Ramelli e i consiglieri comunali che hanno applaudito la sua morte – .

“Centinaia di saluti romani”. È questo lo scenario previsto da Emanuele Fiano, deputato del Pd, in vista dell’anniversario della morte di Sergio Ramelliche si è verificato il 29 aprile 1975. “Ci saranno denunce – ha aggiunto riferendosi a quanto accaduto dopo le commemorazioni di Milano negli ultimi anni -, ci saranno processi e l’anno prossimo sarà ancora così”. “Mi auguro che nessun corteo sia autorizzato – ha detto l’esponente del PD – e che vengano nuovamente segnalati coloro che usano cinicamente la pietà umana per scusarsi del fascismo. Perché per me è sempre antifascismo”.

Ma chi è Sergio Ramelli e perché il ricordo della sua morte è accompagnato dai saluti romani?

Partiamo dal 13 marzo 1975, quando Ramelli, liceale di 19 anni, stava tornando a casa in via Amadeo a Milano. IL ragazzo, una volta parcheggiato lo scooter poco distante, in via Paladini, si è avviato verso casa: da lì l’inizio della fine. Infatti, al numero 15 di via Paladini, Ramelli è stato aggredito alle spalle e colpito con una chiave inglese – quello famigerato Hazet 36 ricomparso qualche tempo fa in un video vergognoso di un partito di estrema sinistra… – di un gruppo di extraparlamentari comunisti d’avanguardia operaia.

Il ragazzo lo era colpire ferocemente alla testa e più volte fino a perdere conoscenza e finire a terra esangue. Una dinamica macabra emersa dalla testimonianza di uno dei suoi aggressori, Marco Costa, durante il processo: «Ramelli capisce, si protegge la testa con le mani. Il suo volto è esposto e posso colpirlo in faccia. Ma Ho paura di lasciargli delle cicatrici, di rompergli i denti. Gli tiro giù le mani e lo colpisco alla testa con la chiave inglese. Non è stordito, inizia a correre. Si ritrova il motorino tra i piedi e inciampa. Cado con lui. L’ho colpito di nuovo. Non so dove: al corpo, alle gambe. Non lo so. Una signora grida: “Basta, lasciatelo stare! Quindi lo uccidi!”. Scappo e dovevo essere l’ultimo a scappare.

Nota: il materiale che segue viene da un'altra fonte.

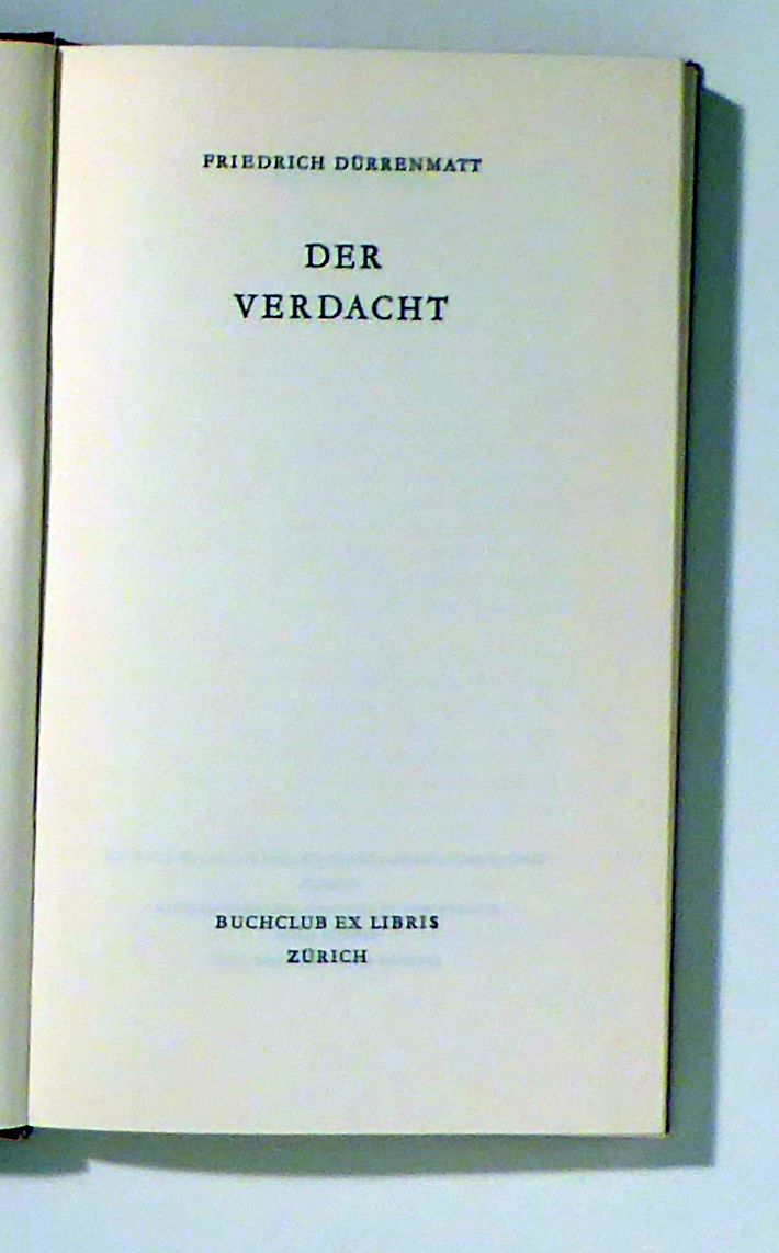 Zch.: Ex Libris, 1962. 155, [1] S., Einband: roter Or.Ln. Format: 8°. Lizenzausgabe der Erstausgabe für den Buchclub Ex Libris, das Original erschien bei Benzinger

A sua volta Giuseppe Ferrari Bravo ha dato la seguente testimonianza: «Abbiamo aspettato dieci minuti, e mi è sembrata un’esistenza. Stavo guardando una vetrina, ma non ho detto niente. Ricordo il ragazzo che arriva e parcheggia il motorino. Marco mi dice: “Eccolo”, oppure semplicemente mi dà una gomitata. Ricordo le urla. Ricordo, davanti a me, un uomo squilibrato. Ho colpito una volta, forse due. Ricordo una donna, su un balcone, che gridava: “Basta!”. Tutto dura poco… Avevo la chiave inglese in mano e la nascondevo sotto il cappotto. È stato così breve che ho avuto la sensazione di non aver portato a termine il mio compito. Non mi rendevo affatto conto di cosa fosse successo.

Pochi minuti che iniziarono una lunga agonia, durata quarantasette giorni.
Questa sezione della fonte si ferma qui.